(1.) THESE consolidated appeals are from two judgments and two decrees dated February 8, 1943, of the High Court of Judicature at Madras, which reversed a judgment and two decrees dated July 29, 1941, of the Court of the Subordinate Judge of Coconada.
(2.) THE appeals arise out of two connected suits. Of these oneno. 38 of 1940was brought by the appellant, Sara Veeraswami or Veerraju, (hereinafter called the appellant-plaintiff) against the first and second respondents for specific performance of an alleged oral agreement to reconvey certain properties which had been sold to them. THE other suitno. 32 of 1940was brought by these respondents against the appellants and others to obtain possession of the said properties. THE first named respondent having died in the course of the proceedings, his legal representative, the third respondent, was added as a party to each suit.

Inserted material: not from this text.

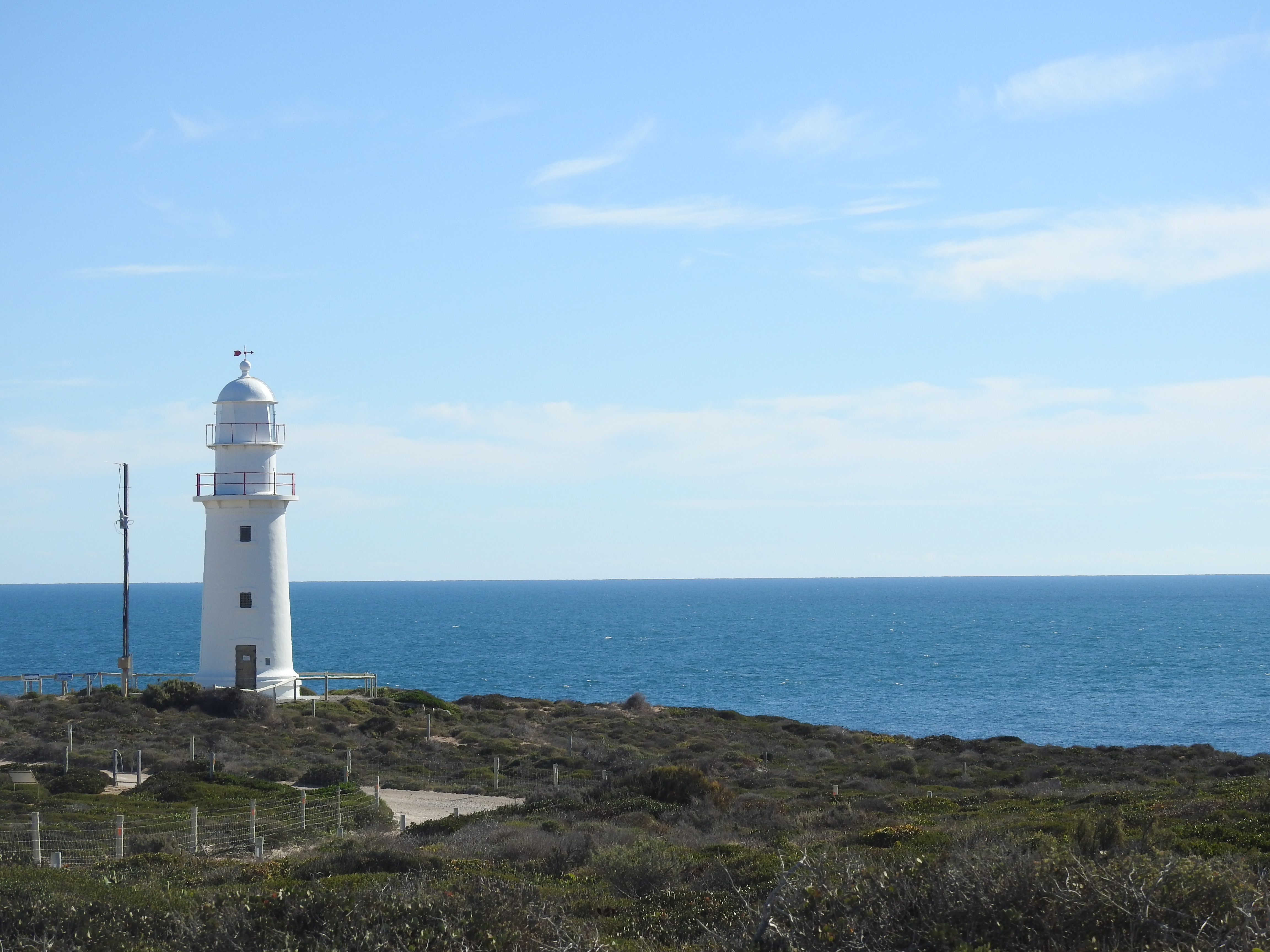 We then follow the coast on a dirt road through Point Soutar & along to Corny Point, more vast plains of cultivation on the inland side & great ocean views the other, with hardly a vehicle & with the road in good condition. From Corny Point settlement we drive out to Corny Point & the lighthouse, a silent sentinel looking out over some nearby rocky shoals. We park at the side of the road & walk out to the lighthouse about 200 metres, there must be a lot of strong winds here as a pine tree planted in the 1890s is growing very low & parallel to the ground. All the vegetation is low shrubs. The views up & down the coastline are pretty, with cliff faces as we look south & low rocky beachfronts as we look east.

(3.) THE first of these issues is altogether one of fact. Both sides led oral evidence before the Subordinate Judge which, if believed, was amply sufficient to support their respective versions of what occurred. THE appellant's case turned mainly on the evidence of two witnesses, P. Ws. 1 and 3 .THE Subordinate Judge accepted their testimony in preference to that of the witnesses called for the respondents. He states in his judgment that he was much impressed by the evidence of P. Ws. No.1 and 3 and adds"in my opinion there is a ring of truth in what P. Ws. 1 and 3 say while there is a ring of untruth in what D. Ws. 1, 3 and 5 say. " He then sets out a series of circumstances which need not be detailed here but which, in his opinion, went to support the appellant plaintiff's case. THE High Court did not attach the same weight to these circumstances. It found none of them conclusive and some of no value at all. Much may indeed be said for this view; but it is clear that the conclusion of fact reached by the Subordinate Judge was based primarily on the oral testimony and his estimate of the witnesses who all, it must be remembered, gave their evidence in his presence. That, as has been repeatedly pointed out, is an important consideration. THE gist of the numerous decisions on the subject is clearly stated by Viscount Simon in Watt or Thomas v. Thomas [1947] A. C. 484 where he says (p. 486): But if the evidence as a whole can reasonably be regarded as justifying the conclusion arrived at at the trial, and especially if that conclusion has been arrived at on conflicting testimony by a tribunal which saw and heard the witnesses, the appellate Court will bear in mind that it has not enjoyed this opportunity and that the view of the trial Judge as to where credibility lies is entitled to great weight. This is not to say that the judge of first instance can be treated as infallible in determining which side is telling the truth or is refraining from exaggeration. Like other tribunals, he may go wrong on a question of fact, but it is a cogent circumstance that a Judge of first instance, when estimating the value of verbal testimony, has the advantage (which is denied to Courts of appeal) of having the witnesses before him and observing the manner in which the evidence is given.